▶ **Data section**:
********

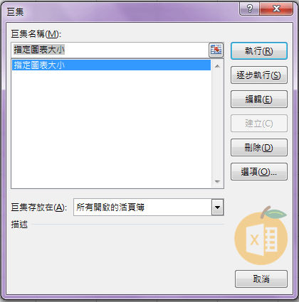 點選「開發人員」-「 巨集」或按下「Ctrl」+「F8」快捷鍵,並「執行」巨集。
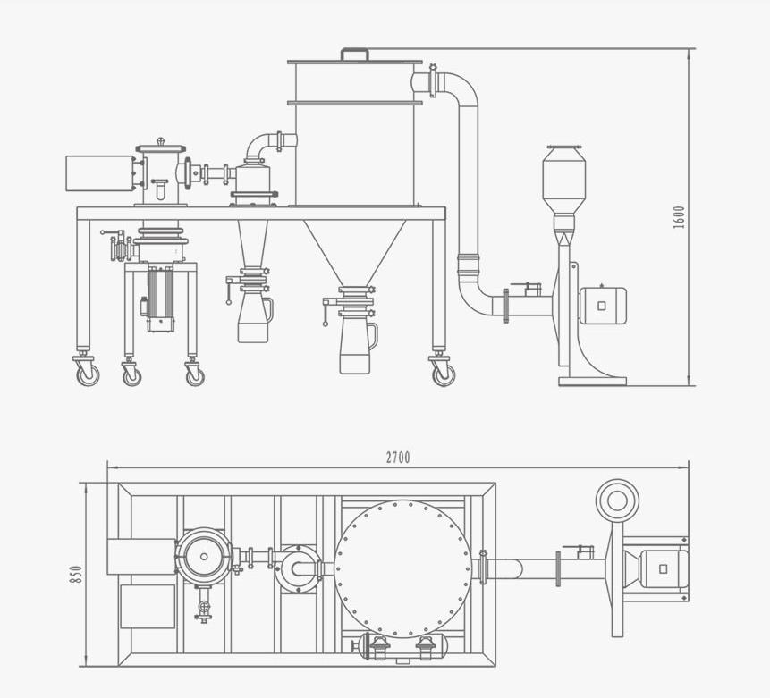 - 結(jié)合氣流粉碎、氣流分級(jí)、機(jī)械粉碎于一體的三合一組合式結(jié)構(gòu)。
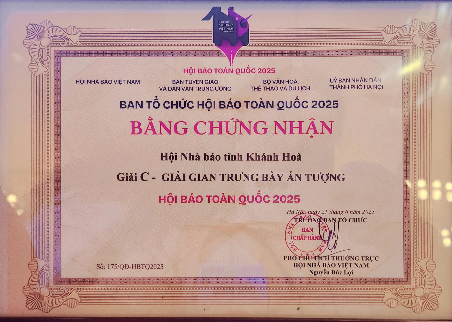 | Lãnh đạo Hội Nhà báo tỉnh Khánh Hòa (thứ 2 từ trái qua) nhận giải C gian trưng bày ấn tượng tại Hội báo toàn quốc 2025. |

********

▶ **Task to complete**: The lines from the one containing "- 結(jié)合氣流粉碎、" up to and including the last line of the material above are to be given again exactly; any pictures are dropped.

▶ **Response for this exercise**:
 - 結(jié)合氣流粉碎、氣流分級(jí)、機(jī)械粉碎于一體的三合一組合式結(jié)構(gòu)。
 | Lãnh đạo Hội Nhà báo tỉnh Khánh Hòa (thứ 2 từ trái qua) nhận giải C gian trưng bày ấn tượng tại Hội báo toàn quốc 2025. |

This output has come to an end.